The most disappointing finding in this trial was the rate of disseminated recurrence (22.1% at 3 years). Because the primary tumor, involved lobe, and regional failure rates were all low and metastases appeared fairly soon after SBRT, it might be assumed that many of these patients harbored occult tumors at diagnosis that went undetected by initial CT and PET staging. Given that the regional failure rate in the hilum and mediastinum was quite low (only 2 patients), adding pre-SBRT hilar or mediastinal pathological staging, as is commonly done in operable patients, would not likely have altered the rate of disseminated recurrence. Instead, these results would imply that either better whole-body staging to identify patients with occult metastatic disease, or effective adjuvant therapies to eradicate such disease are necessary to improve the outcomes.

Because RTOG 0236 was the first North American cooperative group trial using SBRT, considerable effort was expended in developing the infrastructure to ensure consistent and high-quality treatment across all enrolling centers. The products of these interactions were the compliance criteria, the accreditation and credentialing criteria, the quality assurance assessment criteria and mechanisms, and the data collection and monitoring program all specific to SBRT.²⁰ This infrastructure greatly facilitated the high compliance observed for this protocol and will eventually allow evaluation of relationships between dosimetry, compliance, and adverse events with longer follow-up (more events) from completed trials.

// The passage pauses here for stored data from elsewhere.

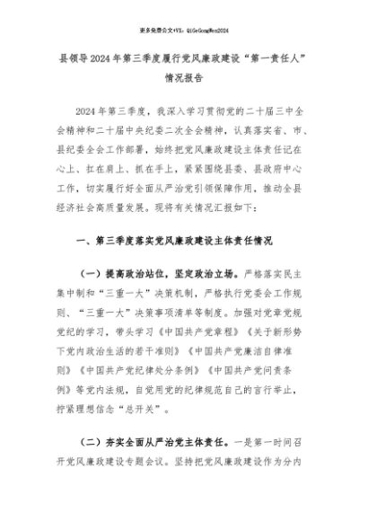 【七哥公文】2024年:县领导2024年第三季度履行党风廉政建设“第一责任人”情况报告+更多免费公文+VX:QiGeGongWen2024
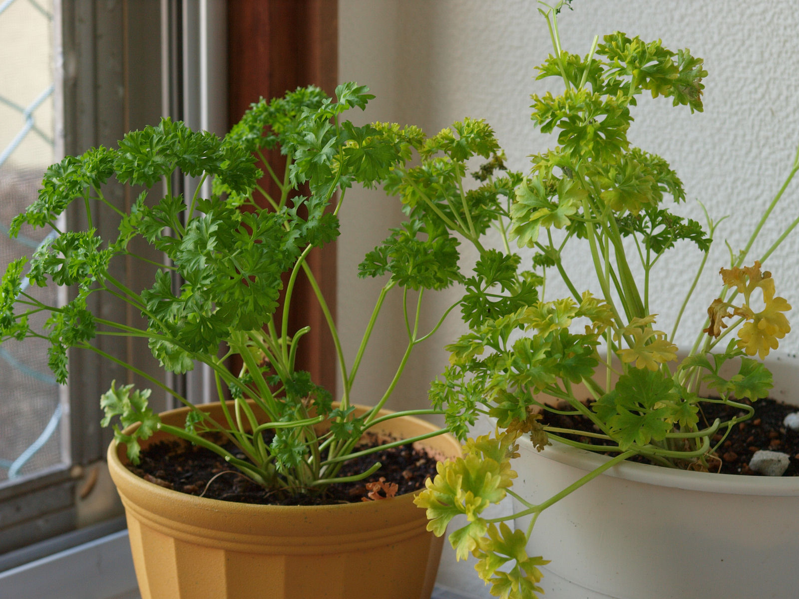 東のパセリは成長したのか鉢からはみでていたため,しばらくしてその部分を摘んで食べました.
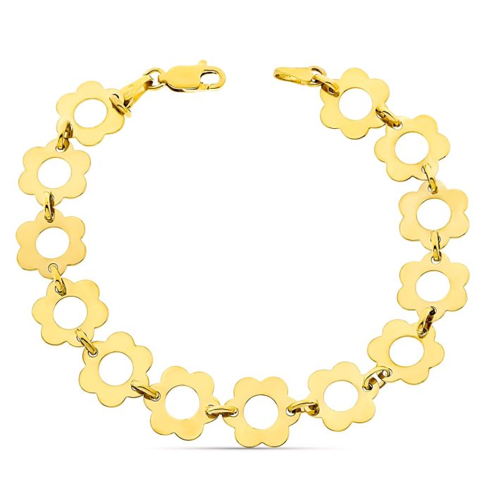 18K PULSERA ORO AMARILLO FLORES ANCHO 11 MM LARGO 19 CM
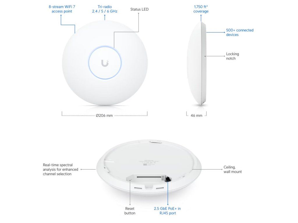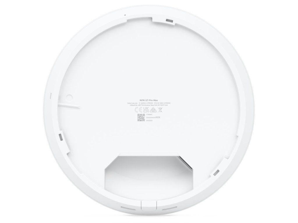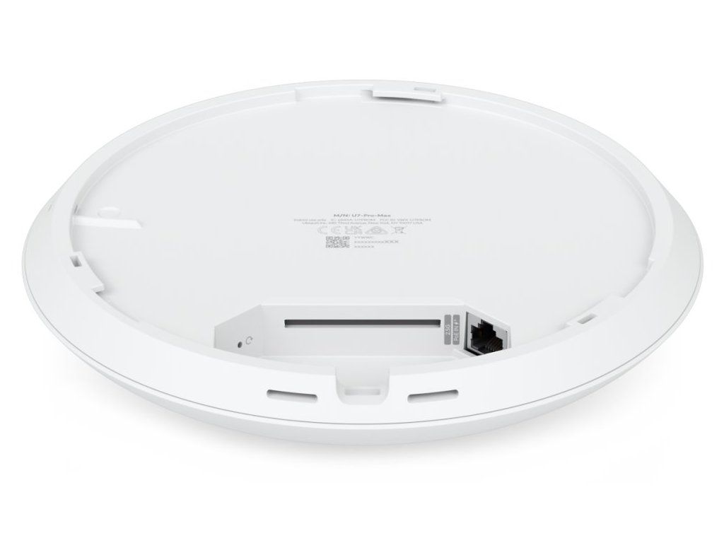 UniFi U7 Pro Max je designově povedené vnitřní hotspotové řešení využívající standard 802.11a/b/g/n/ac/ax/be. Je vybaveno anténním systémem MIMO 2×2 (2,4 GHz), MIMO 4×4 (5 GHz) a MIMO 2×2 (6 GHz) v podobě integrovaných antén se ziskem 4 dBi/ 6 dBi/ 5,9 dBi (2,4 GHz/ 5 GHz/ 6 GHz).
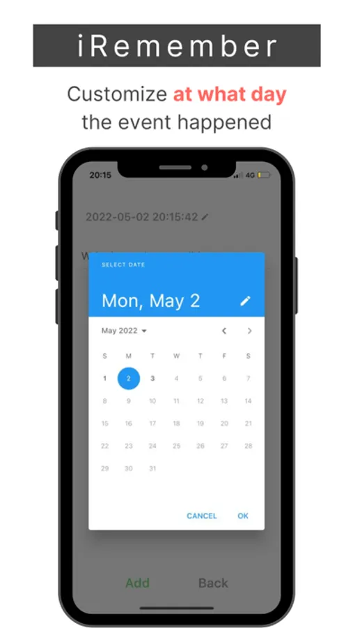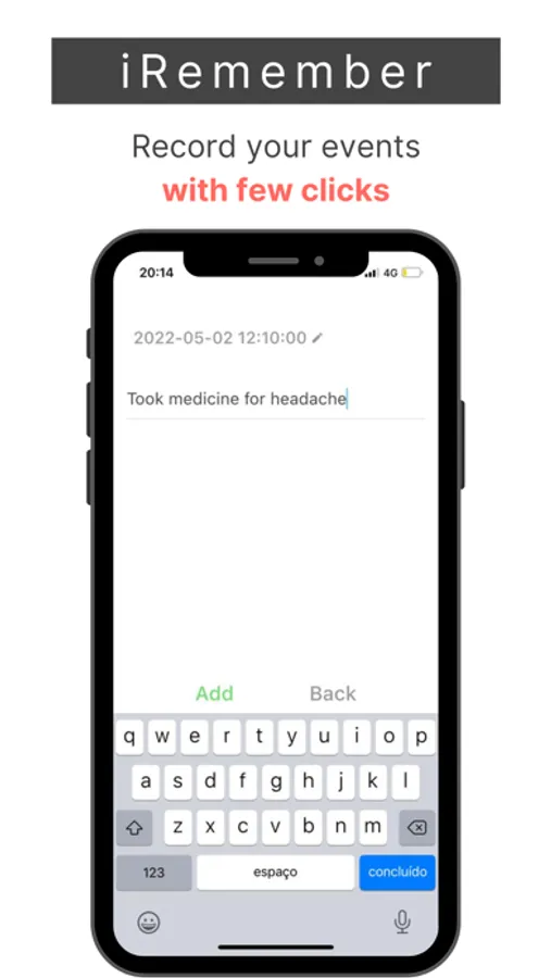 With iRemember App you have the perfect tool to record any event including its exact day and time.
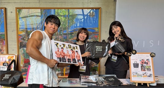 フィットネス実業団「7SEAS」のマッチョ介護士によるチャリティ販売の様子
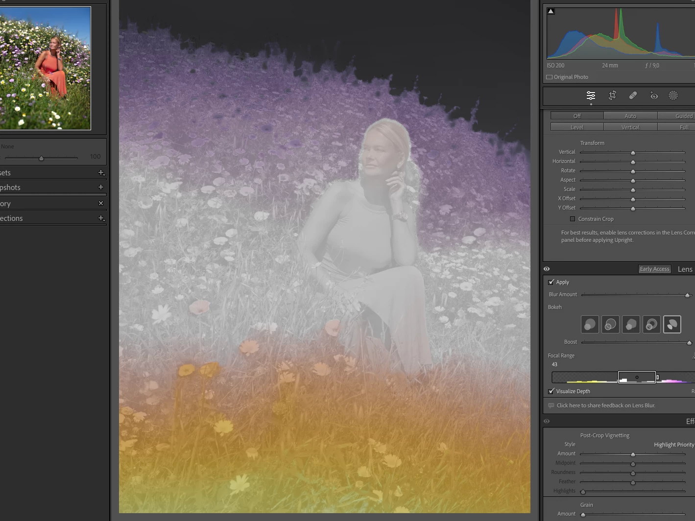 • Lens blur will automatically prioritize focus for the detected subject, but you can also interactively adjust the focus distance. Precise focus range tuning is also available (currently desktop only: Lightroom Desktop, Lightroom Classic, and Camera Raw).

The RTOG 0236 trial was limited largely by the patient population's ability to undergo invasive procedures. Even the initial biopsy required to confirm malignancy for eligibility was potentially threatening to this frail population. Importantly, the trial did not require and seldom used invasive pathological staging and histological confirmation of recurrence. Rather, noninvasive tests like CT and PET were used; both of which are associated with accuracy problems. Control was consistently evaluated by diagnostic CT scan, but PET was only used if the CT scan showed progressive changes. Collectively, these staging and evaluation methods make this experience difficult to compare with the results after surgical management of healthier patients in which both invasive staging and histological confirmation of recurrence is more common.

The RTOG 0236 trial demonstrated that technologically intensive treatments like SBRT can be performed in a cooperative group so long as the proper infrastructure and support are put in place. The RTOG will be building on RTOG 0236 to (1) design a trial to address the rather high rate of disseminated failure observed after treatment, (2) complete a trial to determine a safe and effective dose for central lung tumors (RTOG 0813), and (3) complete a trial to refine the dose of SBRT for peripheral tumors (RTOG 0915).